=== Listed records ===
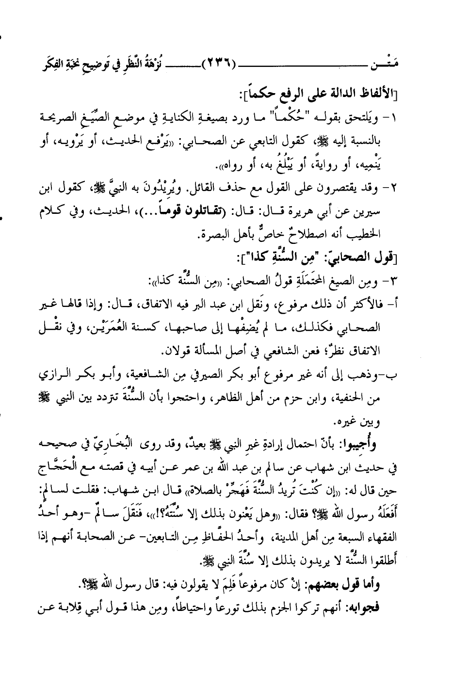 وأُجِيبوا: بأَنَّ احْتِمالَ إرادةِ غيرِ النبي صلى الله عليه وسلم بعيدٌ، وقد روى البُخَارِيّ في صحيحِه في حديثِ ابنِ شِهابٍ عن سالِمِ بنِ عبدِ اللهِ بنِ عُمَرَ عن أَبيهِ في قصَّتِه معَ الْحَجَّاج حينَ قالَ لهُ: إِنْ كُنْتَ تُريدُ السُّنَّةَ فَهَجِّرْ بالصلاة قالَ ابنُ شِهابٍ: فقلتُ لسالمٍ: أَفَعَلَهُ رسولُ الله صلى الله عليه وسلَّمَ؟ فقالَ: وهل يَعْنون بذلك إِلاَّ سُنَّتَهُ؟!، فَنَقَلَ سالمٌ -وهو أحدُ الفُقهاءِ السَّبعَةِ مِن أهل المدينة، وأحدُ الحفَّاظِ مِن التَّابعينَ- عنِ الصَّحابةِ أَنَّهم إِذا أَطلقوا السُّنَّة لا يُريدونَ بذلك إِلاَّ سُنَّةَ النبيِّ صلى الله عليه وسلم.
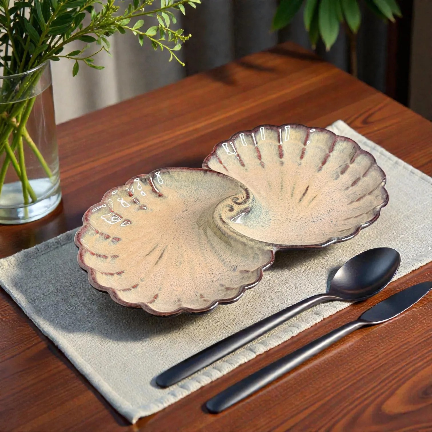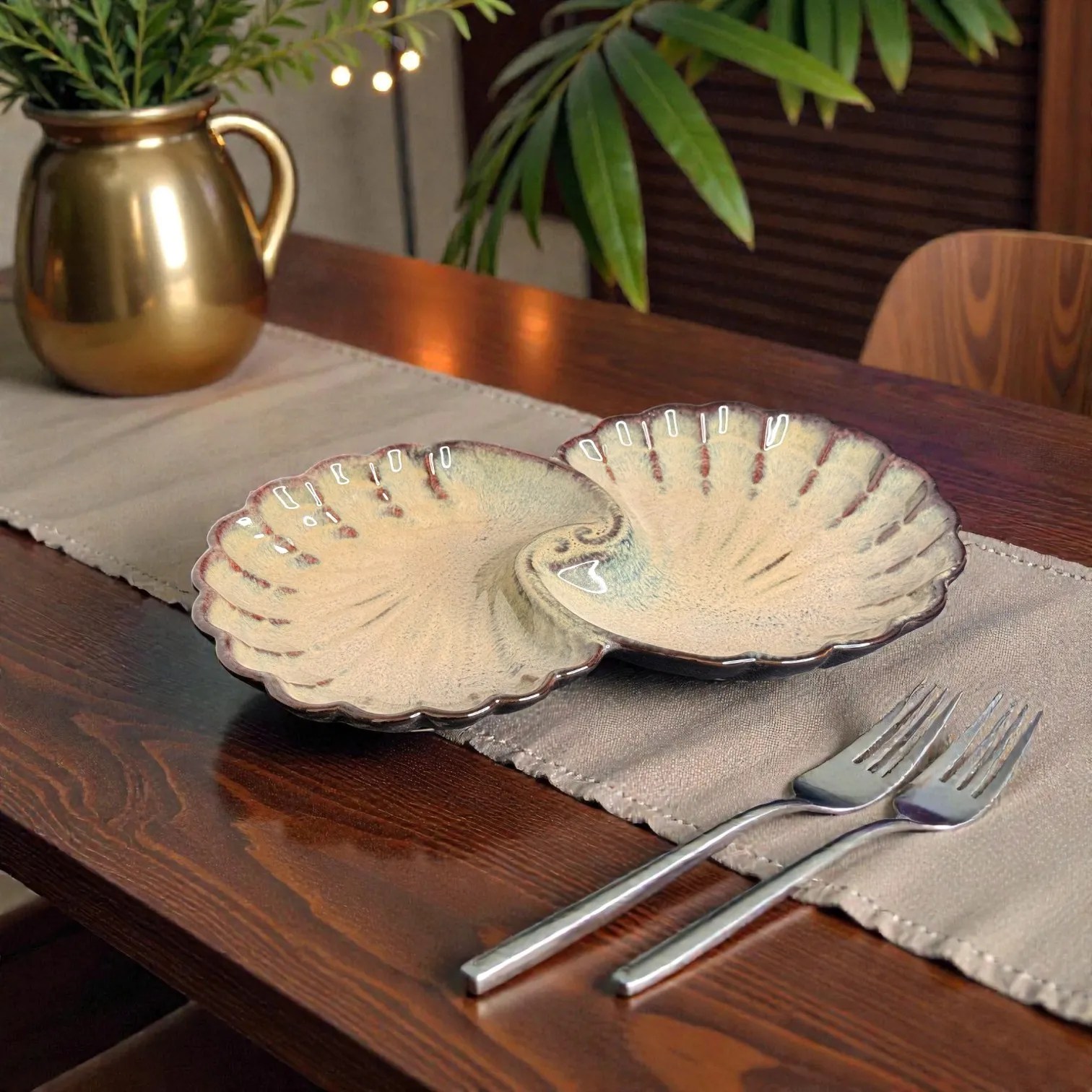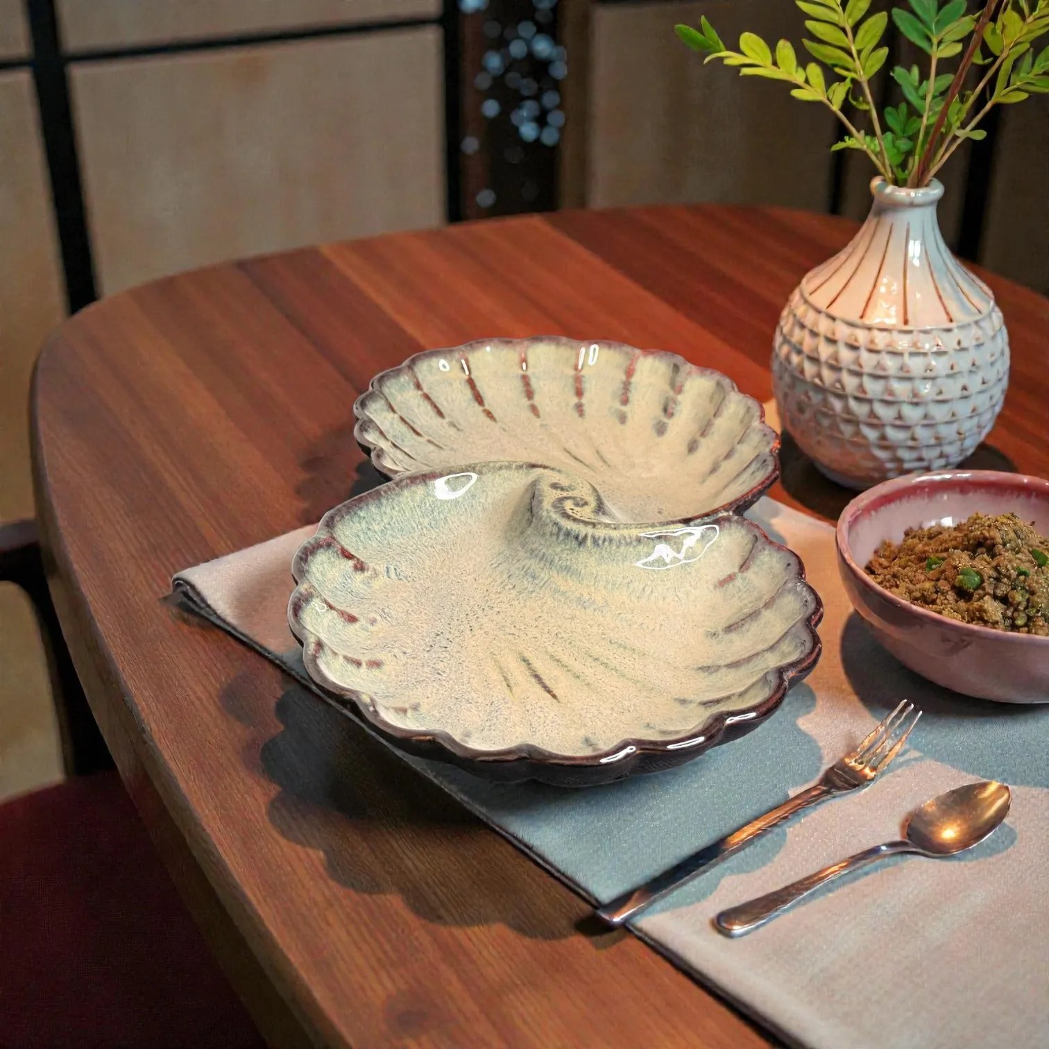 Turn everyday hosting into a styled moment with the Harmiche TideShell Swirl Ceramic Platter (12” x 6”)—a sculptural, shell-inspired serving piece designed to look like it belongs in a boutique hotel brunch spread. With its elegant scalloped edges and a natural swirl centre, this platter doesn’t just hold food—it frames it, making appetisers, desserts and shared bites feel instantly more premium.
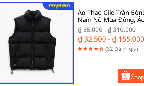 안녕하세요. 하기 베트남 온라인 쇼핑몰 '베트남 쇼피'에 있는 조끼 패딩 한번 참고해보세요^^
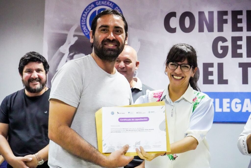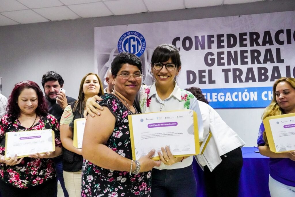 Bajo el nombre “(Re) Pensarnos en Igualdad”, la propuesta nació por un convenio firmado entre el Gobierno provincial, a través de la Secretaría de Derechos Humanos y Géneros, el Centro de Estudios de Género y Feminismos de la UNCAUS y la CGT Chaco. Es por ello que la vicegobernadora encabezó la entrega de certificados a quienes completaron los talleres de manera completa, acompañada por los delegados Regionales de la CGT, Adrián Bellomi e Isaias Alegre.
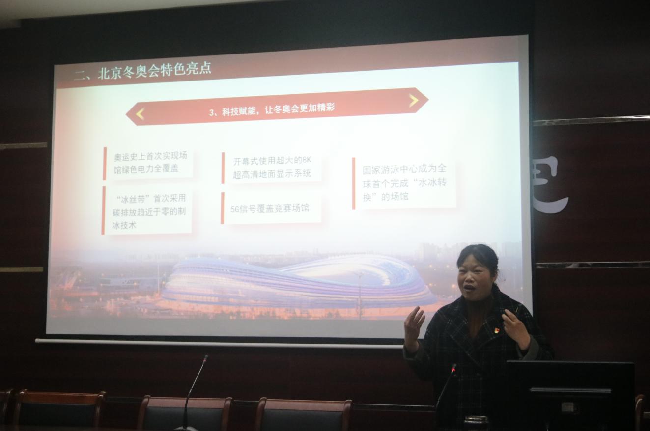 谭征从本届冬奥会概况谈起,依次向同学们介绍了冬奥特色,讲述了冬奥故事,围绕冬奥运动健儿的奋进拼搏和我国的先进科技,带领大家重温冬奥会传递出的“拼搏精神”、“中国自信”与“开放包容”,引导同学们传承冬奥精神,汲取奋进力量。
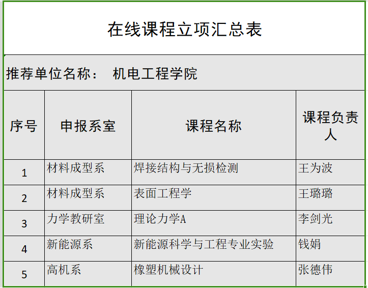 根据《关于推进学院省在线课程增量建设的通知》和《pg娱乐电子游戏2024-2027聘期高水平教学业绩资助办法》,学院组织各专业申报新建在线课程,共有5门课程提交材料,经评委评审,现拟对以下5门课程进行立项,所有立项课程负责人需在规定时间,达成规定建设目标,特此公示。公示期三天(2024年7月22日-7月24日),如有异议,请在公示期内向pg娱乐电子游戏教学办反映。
---
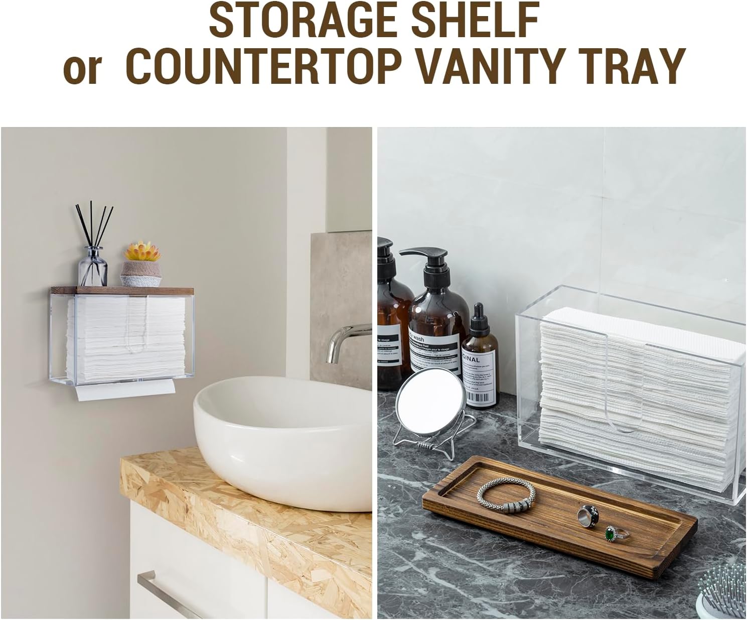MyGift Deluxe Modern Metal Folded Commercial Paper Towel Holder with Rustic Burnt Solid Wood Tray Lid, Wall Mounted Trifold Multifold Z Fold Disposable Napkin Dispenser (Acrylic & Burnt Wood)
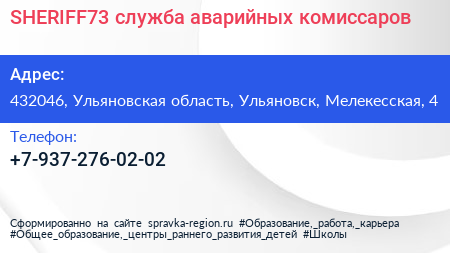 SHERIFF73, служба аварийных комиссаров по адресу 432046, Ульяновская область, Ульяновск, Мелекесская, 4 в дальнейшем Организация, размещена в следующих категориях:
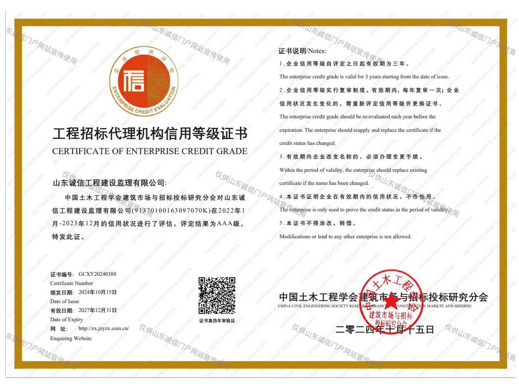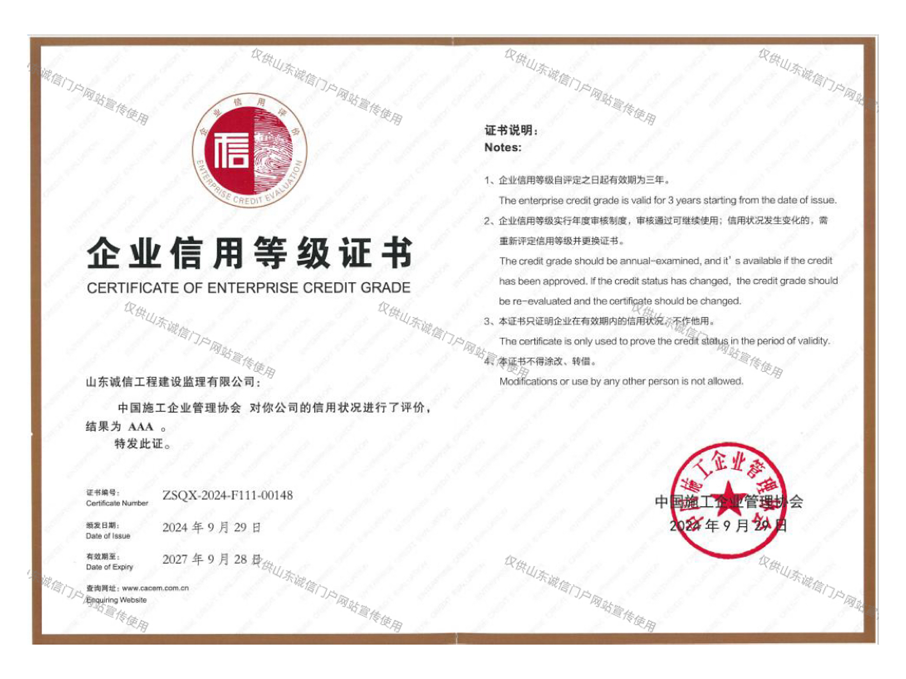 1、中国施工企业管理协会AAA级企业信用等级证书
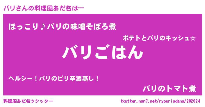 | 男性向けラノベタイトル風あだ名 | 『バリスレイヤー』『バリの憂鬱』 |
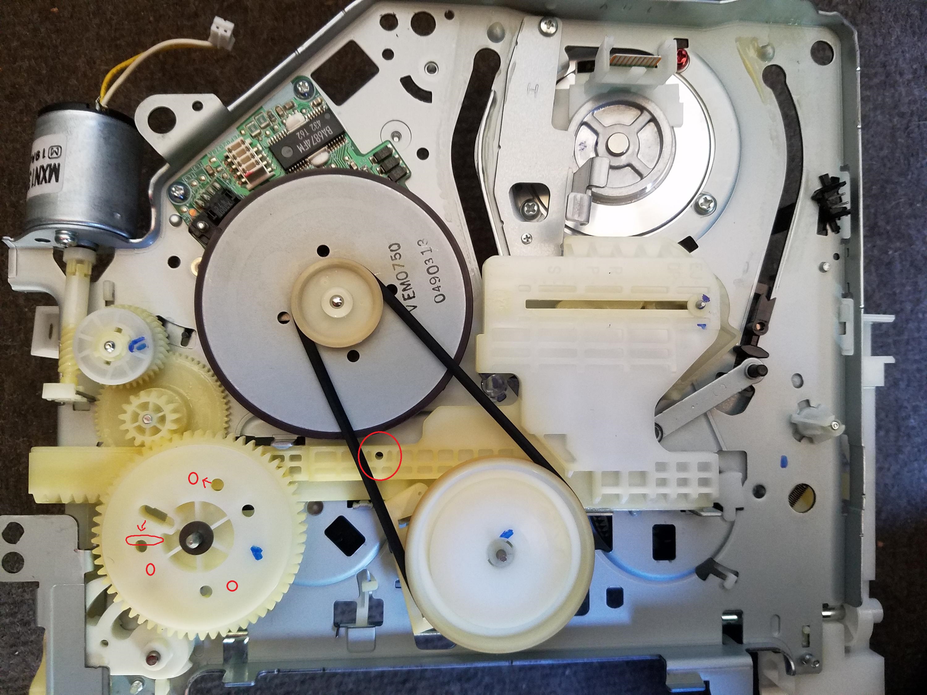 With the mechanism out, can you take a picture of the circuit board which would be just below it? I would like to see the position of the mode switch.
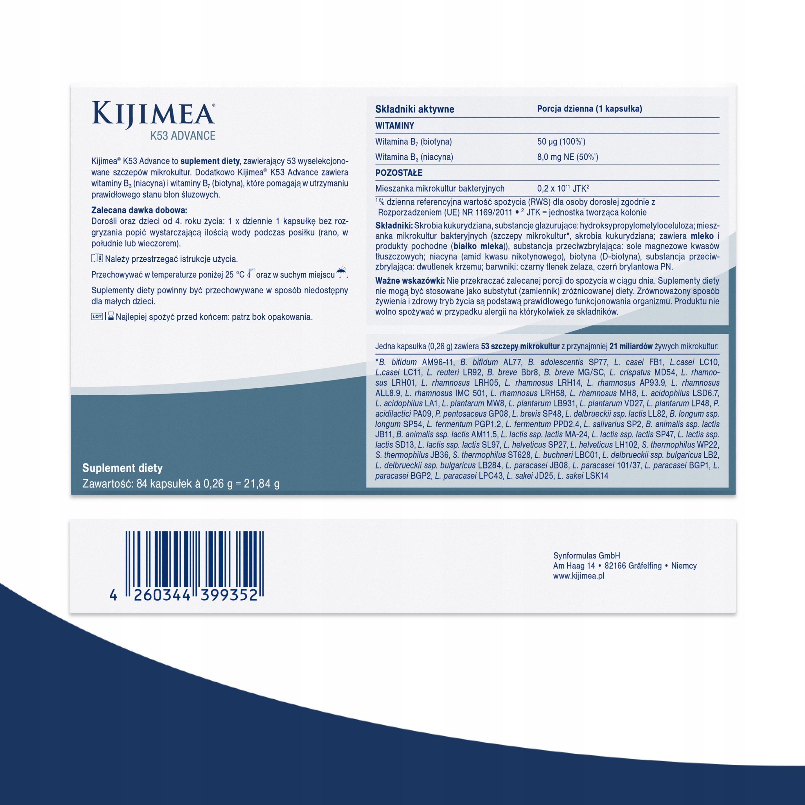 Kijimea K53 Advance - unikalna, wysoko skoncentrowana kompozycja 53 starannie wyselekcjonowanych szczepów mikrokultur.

=== Directions ===
All lines above starting at the one with "MyGift Deluxe Modern" and ending at the one with "Kijimea K53 Advance", inclusive, are to be printed again exactly, with the pictures left out.

=== Exercise result ===
MyGift Deluxe Modern Metal Folded Commercial Paper Towel Holder with Rustic Burnt Solid Wood Tray Lid, Wall Mounted Trifold Multifold Z Fold Disposable Napkin Dispenser (Acrylic & Burnt Wood)
 SHERIFF73, служба аварийных комиссаров по адресу 432046, Ульяновская область, Ульяновск, Мелекесская, 4 в дальнейшем Организация, размещена в следующих категориях:
 1、中国施工企业管理协会AAA级企业信用等级证书
 | 男性向けラノベタイトル風あだ名 | 『バリスレイヤー』『バリの憂鬱』 |
 With the mechanism out, can you take a picture of the circuit board which would be just below it? I would like to see the position of the mode switch.
 Kijimea K53 Advance - unikalna, wysoko skoncentrowana kompozycja 53 starannie wyselekcjonowanych szczepów mikrokultur.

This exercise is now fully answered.